Objectives: To estimate duration from seroconversion to different ART eligibility criteria and from ART eligibility to death in HIV-infected adults in low-income and middle-income countries.
Methods: Participants with documented seroconversion from five cohorts (two cohorts from Uganda, two from Thailand and one from Côte d’Ivoire) were analysed. We used Weibull survival models and Bayesian simulation methods to model true (unobserved) first time of treatment eligibility. We set a consistency constraint so that the mean duration from seroconversion to death was equal to the mean from seroconversion to ART eligibility plus the mean from eligibility to death.
Results: We analysed data from 2072 participants, 16 157 person-years of follow-up and 794 deaths.
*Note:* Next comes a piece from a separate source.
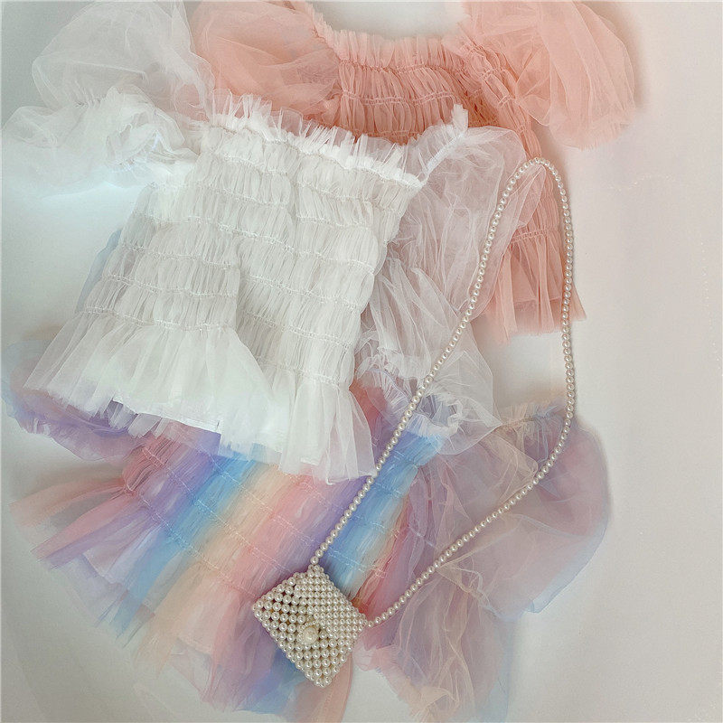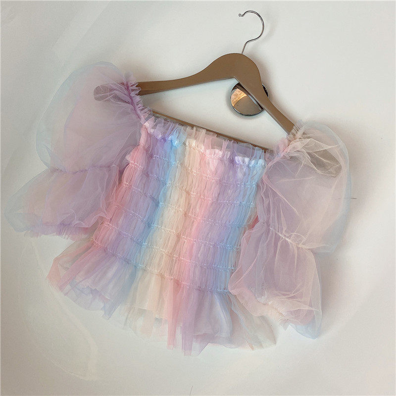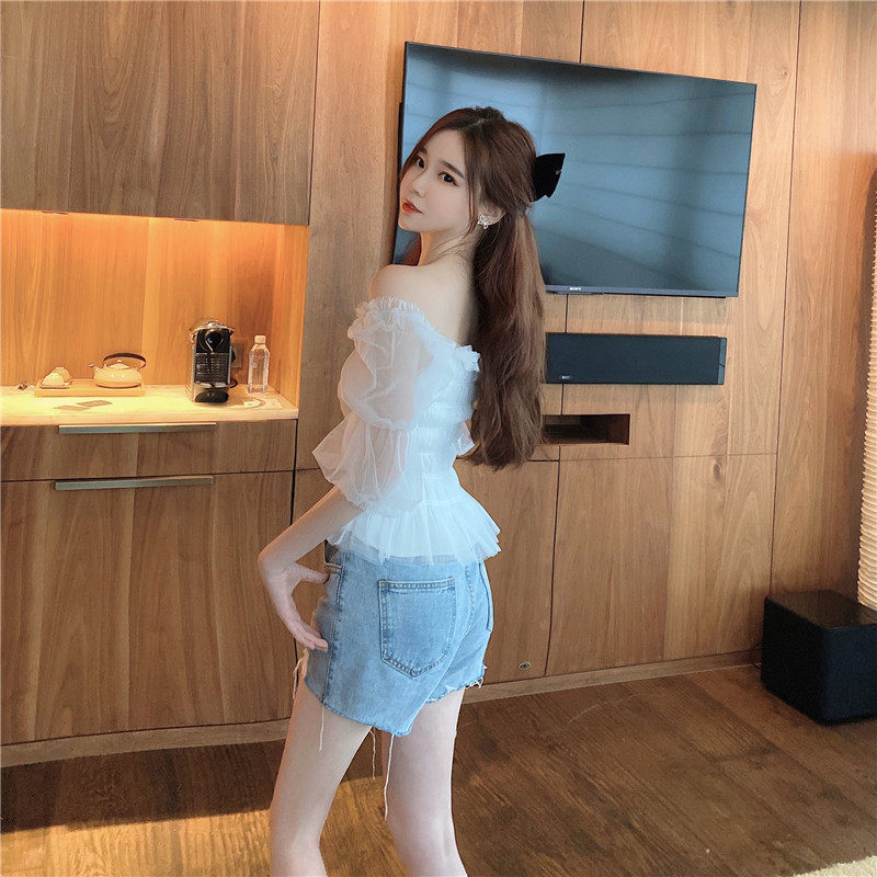 Кружевная летняя футболка, популярно в интернете, высокая талия, по фигуре, 2020, квадратный вырез, рукава фонарики

For the criterion CD4 T-lymphocyte count <200 cells ×106/l, the median duration from seroconversion to ART eligibility was 6.1 years (95% credibility interval 3.3–10.4) for all studies and 7.6 years (95% credibility interval 3.4–15.2) for all but the Thai cohorts. Corresponding estimates for the time from CD4 T-lymphocyte count <200 cells ×106/l to death were 2.1 years (0.7–4.8) and 2.7 years (0.8–8.4). When including all cohorts, the mean time from serconversion to CD4 T-lymphocyte count <200 cells ×106/l and from CD4 T-lymphocyte count <200 cells ×106/l to death represented 66% (38–87%) and 34% (13–62%), respectively of the total survival time.
Conclusions: The duration of different ART eligibility criteria to death was longer than the estimates used in previous calculations of the number of people needing ART. However, uncertainty in estimates was considerable and heterogeneity across cohorts important.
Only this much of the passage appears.